A letter-for-letter copy of the listing is required, with no pictures in it.

_Data for this exercise:_
----
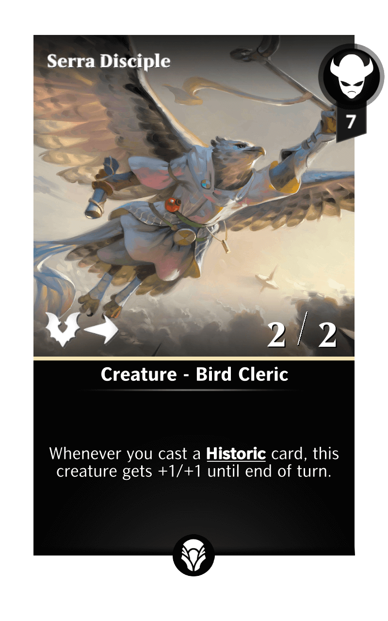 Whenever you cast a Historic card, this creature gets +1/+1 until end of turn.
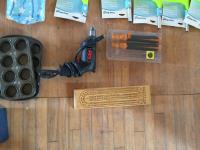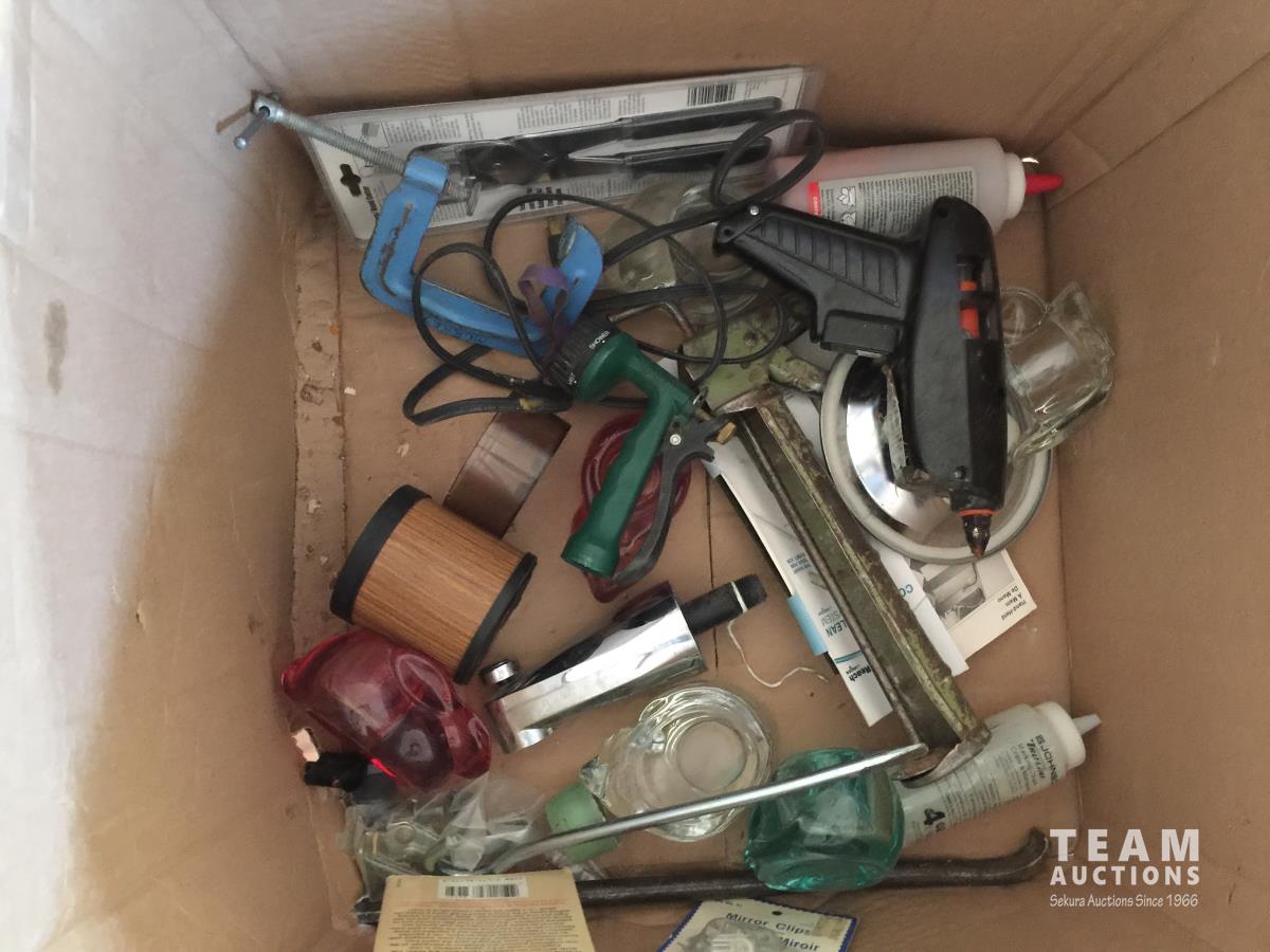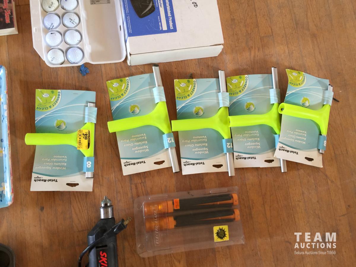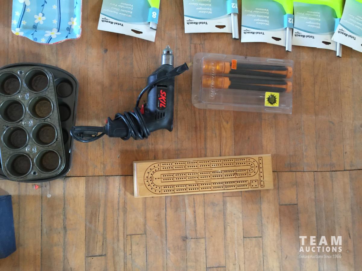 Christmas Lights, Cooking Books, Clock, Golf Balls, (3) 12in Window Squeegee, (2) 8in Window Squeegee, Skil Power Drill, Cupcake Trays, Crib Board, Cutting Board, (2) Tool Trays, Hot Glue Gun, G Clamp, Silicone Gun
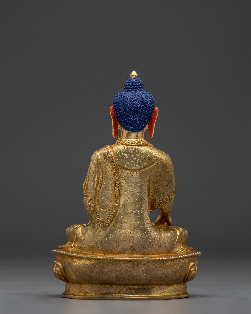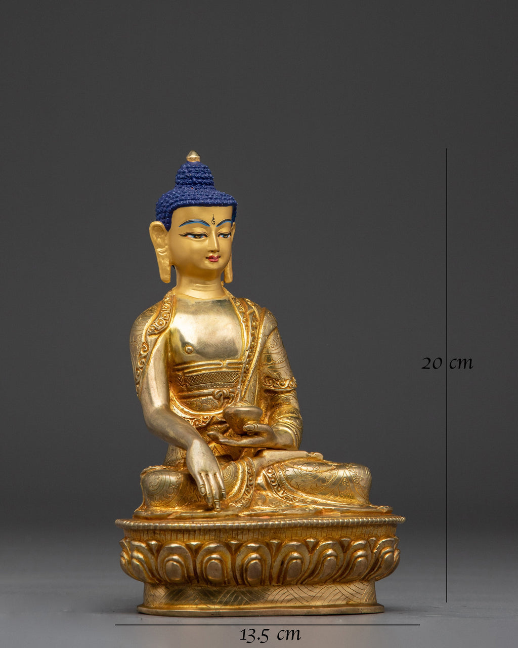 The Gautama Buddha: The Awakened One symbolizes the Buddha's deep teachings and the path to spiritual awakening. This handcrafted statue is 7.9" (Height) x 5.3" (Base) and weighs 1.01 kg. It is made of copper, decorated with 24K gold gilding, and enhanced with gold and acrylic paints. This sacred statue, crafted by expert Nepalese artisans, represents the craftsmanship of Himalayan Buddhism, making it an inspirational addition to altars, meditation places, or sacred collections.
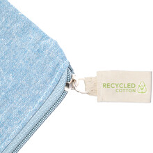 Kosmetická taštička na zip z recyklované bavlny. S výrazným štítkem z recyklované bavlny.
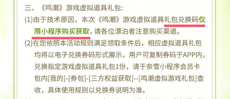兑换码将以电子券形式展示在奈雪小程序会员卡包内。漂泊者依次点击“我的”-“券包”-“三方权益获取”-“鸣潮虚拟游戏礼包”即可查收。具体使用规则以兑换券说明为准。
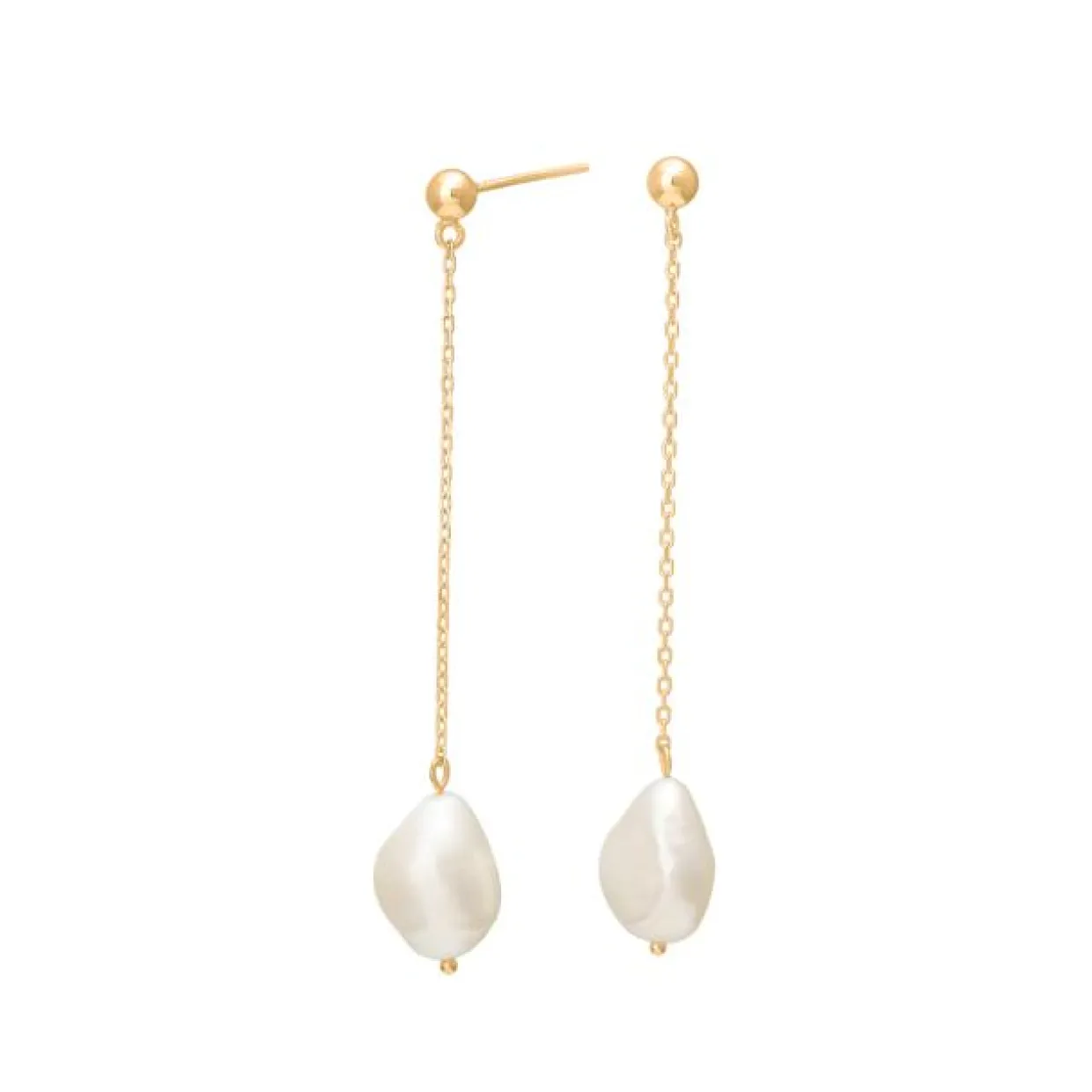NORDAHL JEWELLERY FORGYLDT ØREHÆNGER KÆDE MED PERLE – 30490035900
----
_Answer space:_
 Whenever you cast a Historic card, this creature gets +1/+1 until end of turn.
 Christmas Lights, Cooking Books, Clock, Golf Balls, (3) 12in Window Squeegee, (2) 8in Window Squeegee, Skil Power Drill, Cupcake Trays, Crib Board, Cutting Board, (2) Tool Trays, Hot Glue Gun, G Clamp, Silicone Gun
 The Gautama Buddha: The Awakened One symbolizes the Buddha's deep teachings and the path to spiritual awakening. This handcrafted statue is 7.9" (Height) x 5.3" (Base) and weighs 1.01 kg. It is made of copper, decorated with 24K gold gilding, and enhanced with gold and acrylic paints. This sacred statue, crafted by expert Nepalese artisans, represents the craftsmanship of Himalayan Buddhism, making it an inspirational addition to altars, meditation places, or sacred collections.
 Kosmetická taštička na zip z recyklované bavlny. S výrazným štítkem z recyklované bavlny.
兑换码将以电子券形式展示在奈雪小程序会员卡包内。漂泊者依次点击“我的”-“券包”-“三方权益获取”-“鸣潮虚拟游戏礼包”即可查收。具体使用规则以兑换券说明为准。
NORDAHL JEWELLERY FORGYLDT ØREHÆNGER KÆDE MED PERLE – 30490035900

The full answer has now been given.